🤖 AI Summary
This work identifies a fundamental deficiency in current multimodal large language models (MLLMs): their inability to perform rule-level abstraction and dynamic rule reconfiguration. To address this, the authors introduce BabaBench—the first benchmark explicitly designed for rule manipulation—grounded in the logic-puzzle game *Baba Is You*. It requires models to reason about real-time rewriting and combinatorial reassembly of movable textual “rule blocks” to dynamically redefine goals. Crucially, BabaBench pioneers “meta-rule manipulation” as a core evaluation dimension, integrating symbolic world modeling with procedural level generation. Experiments on GPT-4o, Gemini-1.5-Pro, and Gemini-1.5-Flash reveal near-random performance (<5% win rate) on tasks demanding creative rule restructuring.
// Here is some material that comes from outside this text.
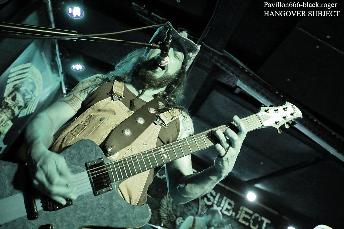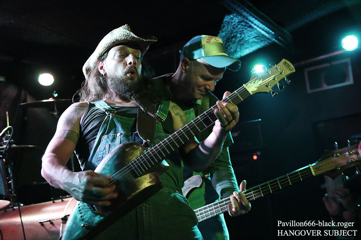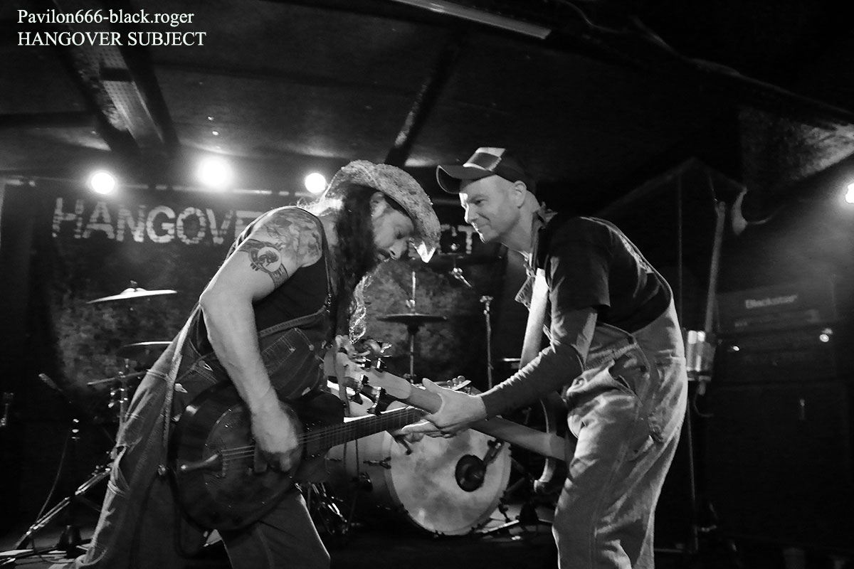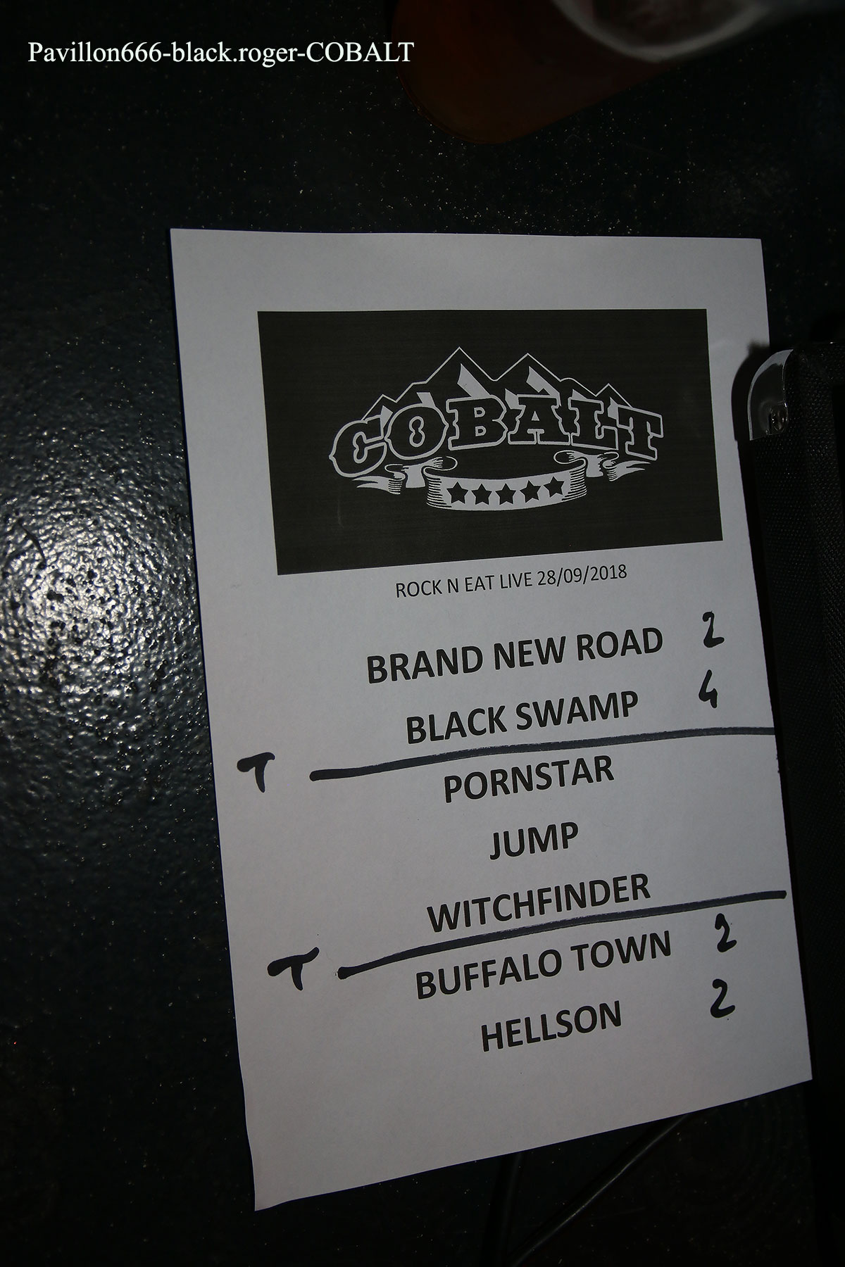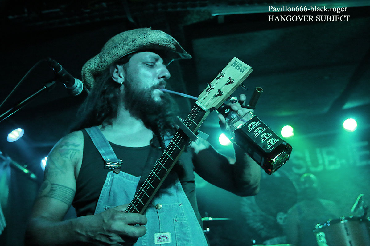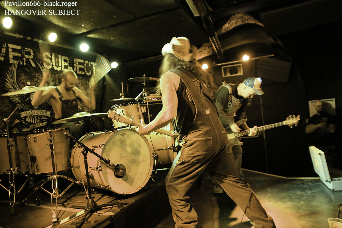 C’est le trio Isérois SUNSHADOWS qui joue en premier, se jouant de l’ombre et de la lumière à l’aide d’un rock inspiré et varié aux déclinaisons indus en fond d’écran. Ce soir c’est la première date d’une nouvelle tournée de présentation de leur EP intitulé « error 99 ». Le son est bon, les compositions remarquées, les musiciens ont le niveau, la voix est « spéciale » rappelant celle de Maynard James Keenan (Tool). Bref leur rock est accrocheur et ne laisse personne indifférent. Avec les Lyonnais de COBALT nous prenons en pleine poire un stoner gras et crasseux qui semble tout droit sorti du bayou de Louisiane ; les vocaux sont râpeux, les soli vicieux, la basse racle par terre et la batterie envoie du lourd et du plombé, génial dans le style donc. Alors « comme on bastards and let’s thrash », c’est leur mot d’ordre et on se laisse emporter, enfumer, désaltérer par du bourbon de contrebande qui vous racle la gorge et vous emprisonne l’esprit. Nous en avons eu pour nos dollars, Cobalt à le niveau, les 5 musiciens ont assuré comme des bêtes et ce fus bon. Par contre nous n’avons pas pu coller les stickers promis sur le corps de nos voisines, pas vus ! Set-list en photo. En provenance de « vers chez nous » voici maintenant le célèbre trio de hardrockin’blues HANGOVER SUBJECT. On ne présente plus ces magiciens du hard-blues au style « fermier » avec à leur actif des instruments parfois bricolés. Ces spécialistes de la « récup », écolos du blues avant l’heure vont littéralement nous prendre à la gorge et nous fasciner avec une prestation hors-norme, top niveau (pas topless). Incroyable compositions, incroyable présence scénique où l’on boit le « jack » à la paille et où l’on communique sans barrière avec un public qui adhère pleinement à leur son et qui s’agite contre la scène enfin. Chanteur à la voix rocailleuse qui change de guitare bien souvent, bassiste « en communion » avec les autres membres du trio et batteur inspiré mais implacable sur les tempi. Trois passionnés donc au service du rock tout simplement, le vrai, celui qui vous prend aux tripes. Au coin de la scène une valise ouverte tout simplement avec leurs trois albums à votre disposition, pas de « chichis ». Simplicité, efficacité, générosité, sont les maîtres mots du trio un trio qui se déguste en live comme ce soir dans un Rock n’Eat sous l’emprise du hard-blues. Quelqu’un a dit à leur propos « groupe au -dessus du lot », et c’est bien vrai, merci les gars vous revenez quand vous voulez ! Tout simplement un grand merci en guise de conclusion. Merci aux trois groupes en lice, merci au Rock n’Eat et merci au public pour l’ambiance. |

These results demonstrate that state-of-the-art MLLMs lack deep understanding of rule semantics, structural constraints, and goal plasticity—highlighting a critical gap in rule cognition modeling for general AI.
📝 Abstract
Humans solve problems by following existing rules and procedures, and also by leaps of creativity to redefine those rules and objectives. To probe these abilities, we developed a new benchmark based on the game Baba Is You where an agent manipulates both objects in the environment and rules, represented by movable tiles with words written on them, to reach a specified goal and win the game. We test three state-of-the-art multi-modal large language models (OpenAI GPT-4o, Google Gemini-1.5-Pro and Gemini-1.5-Flash) and find that they fail dramatically when generalization requires that the rules of the game must be manipulated and combined.